The Wall Street Journal/Harris Personal Finance poll asked 2082 adults if they owned a home (All Business website, January 23, 2008). A total of 1249 survey respondents answered Yes. Of the 450 respondents in the 18–34 age group, 117 responded Yes.

1. a. What is the probability that a respondent to the poll owned a home?
2. b. What is the probability that a respondent in the 18–34 age group owned a home?
3. c. What is the probability that a respondent to the poll did not own a home?
4. d. What is the probability that a respondent in the 18–34 age group did not own a home?

To determine

Compute the probability that respondent to the poll owned a home.

Answer to Problem 46SE

The probability that respondent to the poll owned a home is 0.60.

Explanation of Solution

Calculation:

The data shows that there are a total of 2,082 adults. Total of 1,249 survey respondent answered as yes. Among the 450 respondent of age 18-34, 117 responded yes.
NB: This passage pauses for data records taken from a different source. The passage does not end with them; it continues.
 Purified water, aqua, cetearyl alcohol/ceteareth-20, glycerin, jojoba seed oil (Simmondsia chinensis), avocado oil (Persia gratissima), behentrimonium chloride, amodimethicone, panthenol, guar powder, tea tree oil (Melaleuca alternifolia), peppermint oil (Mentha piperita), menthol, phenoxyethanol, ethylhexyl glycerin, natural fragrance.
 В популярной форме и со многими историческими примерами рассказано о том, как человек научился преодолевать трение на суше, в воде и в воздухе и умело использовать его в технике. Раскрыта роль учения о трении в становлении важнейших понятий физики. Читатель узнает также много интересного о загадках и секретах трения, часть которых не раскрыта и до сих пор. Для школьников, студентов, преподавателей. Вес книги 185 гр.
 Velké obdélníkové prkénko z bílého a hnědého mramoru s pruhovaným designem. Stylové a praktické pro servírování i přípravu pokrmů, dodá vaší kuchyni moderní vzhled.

Event A denotes respondent to the poll owned a home.

The probability of the event can be obtained as follows:

$P\left(A\right)=\frac{\text{Number of ways event occurs}}{\text{Total frequency}}$

From the data, there were a total of 2,082 adults. Among the respondent 1,249 of them answer yes. Substitute these values in the above equation.

Therefore,

$\begin{array}{c}P\left(A\right)=\frac{1,249}{2,082}\\ =0.5999\\ =0.60\end{array}$

Thus, the probability that respondent to the poll owned a home is 0.60.

To determine

Compute the probability that respondent in the 18-34 age group owned a home.

Answer to Problem 46SE

The probability that respondent in the 18-34 age group owned a home is  0.26.

Explanation of Solution

Calculation:

Event B denotes respondent in the 18-34 age group owned a home.
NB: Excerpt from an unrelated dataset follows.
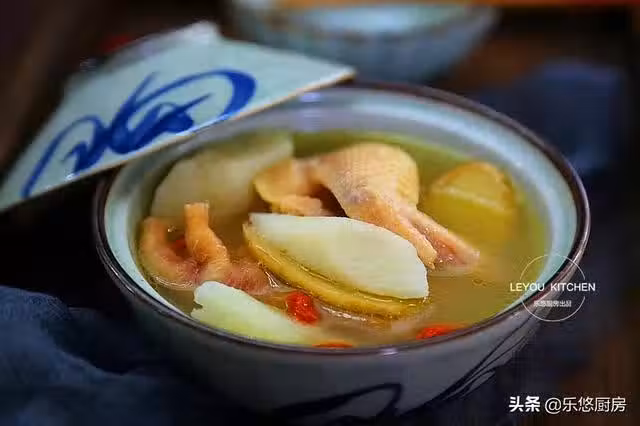 山藥雞湯,綿軟的山藥和鮮美的雞肉搭配在一起,再放入少許枸杞,口感豐富,營養翻倍。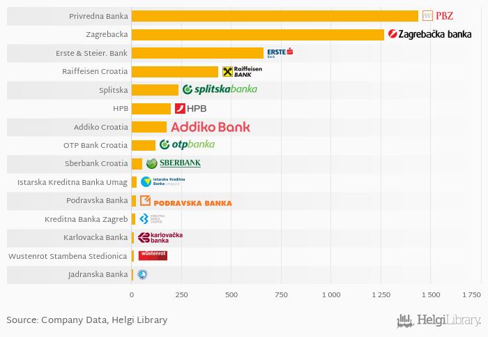 Comparing Privredna Banka Zagreb with its closest peers, Zagrebacka Banka generated total fee income of HRK 1,269 mil, Erste & Steiermarkische Bank operated with HRK 663 mil fee income and Raiffeisenbank Croatia produced total fees worth HRK 437 mil.

The probability of the event can be obtained as follows:

$P\left(B\right)=\frac{\text{Number of ways event occurs}}{\text{Total frequency}}$

From the data, it is clear that there are total 450 respondent of age 18-34, and 117 of them responded yes. Substitute tis values in the above equation.

Therefore,

$\begin{array}{c}P\left(B\right)=\frac{117}{450}\\ =0.26\end{array}$

Thus, the probability that respondent in the 18-34 age group owned a home is 0.26.

To determine

Compute the probability that respondent to the poll did not own a home.

Answer to Problem 46SE

The probability that respondent to the poll did not own a home is  0.40.

Explanation of Solution

Calculation:

Event $A^c$  denotes respondent to the poll did not own a home.

Complementation Rule:

For any event A the complementation rule states that,

$P\left(A^c\right)=1-P\left(A\right)$

From part (a), $P\left(A\right)=0.60$ . Substitute tis values in the above equation.

Therefore,

$\begin{array}{c}P\left(A^c\right)=1-0.60\\ =0.40\end{array}$

Thus, probability that respondent to the poll did not own a home is 0.40.

To determine

Compute the probability that respondent in the 18-34 age group did not own a home.

Answer to Problem 46SE

The probability that respondent in the 18-34 age group did not own a home is 0.74.

Explanation of Solution

Calculation:

Event $B^c$ denotes respondent in the 18-34 age group did not own a home.

Complementation Rule:

For any event B the complementation rule states that,

$P\left(B^c\right)=1-P\left(B\right)$

From part (b), $P\left(B\right)=0.26$ . Substitute tis values in the above equation.

Therefore,

$\begin{array}{c}P\left(B^c\right)=1-0.26\\ =0.74\end{array}$

Thus, the probability that respondent in the 18-34 age group did not own a home is 0.74.